In the spring and summer the snakes fan out across the wilds of eastern Idaho, but as the days get shorter and cooler, the snakes return to the resting place - in this case, the Hepworths' new home - where they ball up for heat.

The snakes are likely a terrestrial garter snake, Hanauska-Brown said. Reptiles are a protected species meaning the Hepworths cannot bait them or kill them, she said.

The couple have not contacted Fish and Game to move the garters, Hanauska-Brown said. The department would attempt to move the snakes, but it could be difficult because if they move them too far they would die and if they move them close by the snakes would likely return to hibernate, she said.

"They are used to going there and kind of balling up," Hanauska-Brown told The Associated Press. "That sounds kind of Indiana Jonesish. But this is a natural thing."

The Hepworths so far have not moved in, but Lyman Hepworth's brother is still making payments, though the seller offered to refund their money when he found out about the infestation.

Their plan: They sent a videotape of the house, their children and, of course, the snakes to the producers of "Extreme Home Makeover," in hopes the television show would send its decorators in for a filmed renovation.

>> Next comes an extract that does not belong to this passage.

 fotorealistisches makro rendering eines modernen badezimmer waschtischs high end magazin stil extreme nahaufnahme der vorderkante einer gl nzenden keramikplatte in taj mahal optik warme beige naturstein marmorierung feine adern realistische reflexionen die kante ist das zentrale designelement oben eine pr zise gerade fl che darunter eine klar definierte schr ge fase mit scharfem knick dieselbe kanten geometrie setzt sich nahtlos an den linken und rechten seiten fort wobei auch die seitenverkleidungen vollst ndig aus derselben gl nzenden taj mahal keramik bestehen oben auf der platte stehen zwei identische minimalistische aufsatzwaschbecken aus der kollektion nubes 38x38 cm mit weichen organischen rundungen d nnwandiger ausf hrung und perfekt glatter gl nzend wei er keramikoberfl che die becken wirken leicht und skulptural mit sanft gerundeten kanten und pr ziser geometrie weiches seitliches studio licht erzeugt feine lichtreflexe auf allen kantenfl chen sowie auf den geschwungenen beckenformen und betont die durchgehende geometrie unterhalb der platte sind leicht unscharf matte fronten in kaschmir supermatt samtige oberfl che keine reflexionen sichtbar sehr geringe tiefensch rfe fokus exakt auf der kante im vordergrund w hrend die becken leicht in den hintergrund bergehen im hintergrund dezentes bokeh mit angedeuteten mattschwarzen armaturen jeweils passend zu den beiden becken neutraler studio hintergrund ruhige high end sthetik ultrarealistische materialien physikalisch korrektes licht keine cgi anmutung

The video showed snakes slithering on the back porch, climbing up the foundation and a ball of snakes on the side of the home, Jeanine Hepworth said.

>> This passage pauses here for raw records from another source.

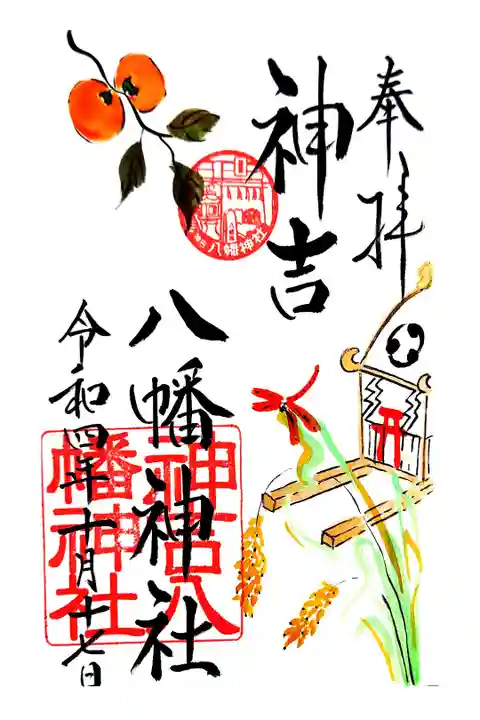 神吉八幡神社の2022年10月の月替り御朱印「柿と神輿」です。
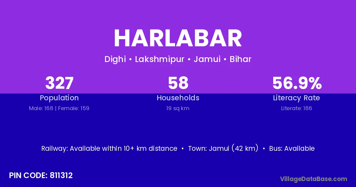 Jamui (42 km) is the nearest town to Harlabar village for major economic activities and is located approximately 42 km away.
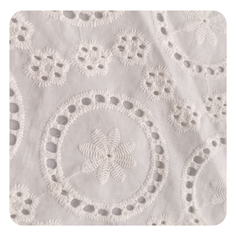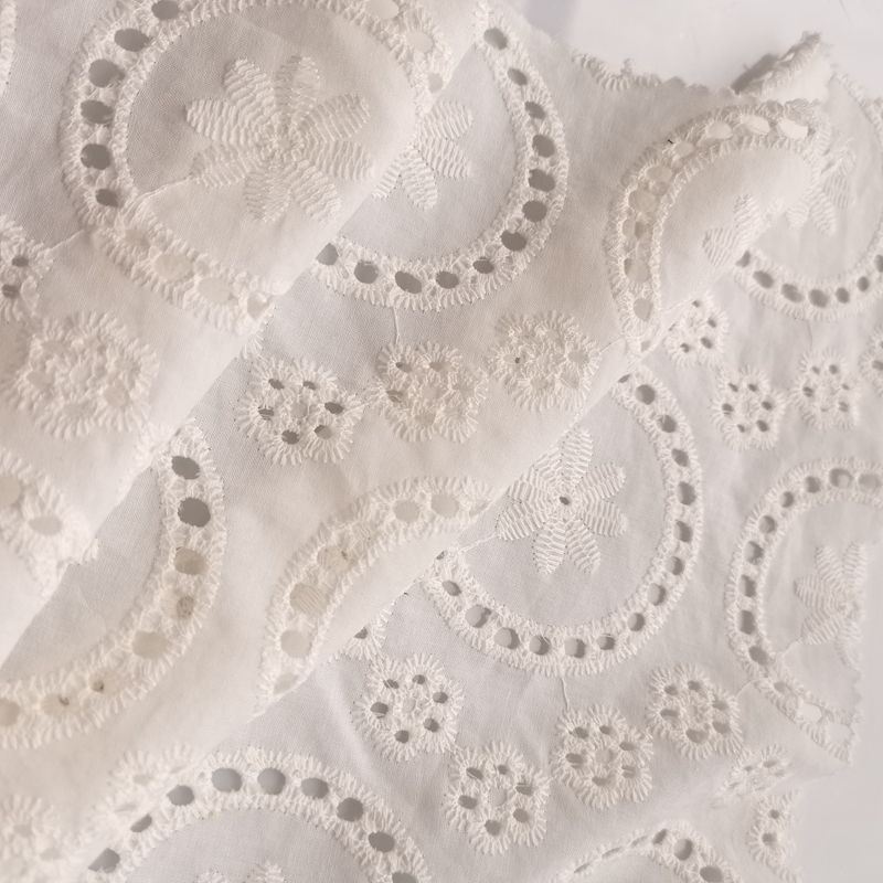 ผ้าปักลายฉลุสีขาว 100% ผ้าฝ้าย งานปักละเอียดอ่อน สำหรับตัดเย็บเสื้อผ้า ขายดี

The couple will not find out if the show chooses their reptile refuge for a fix-up challenge until next year.

Meanwhile, summer has turned to fall. And the snakes that have been out for the summer are making their way back to the Hepworths' little home in Wilford.


----------



## slimy

That is the COOLEST house ever. I wonder if they would sell it. Maybe just rent me a room. 

Honey, I have new vacation plans. We're going to Idaho.


----------



## lowdwnrob

I would freak out. I had a pet snake but that is not cool at all.


----------



## turtle2778

OMG, i got the heebie jeebie just reading that ICK ICK ICK. I HATE SNAKES!!!


----------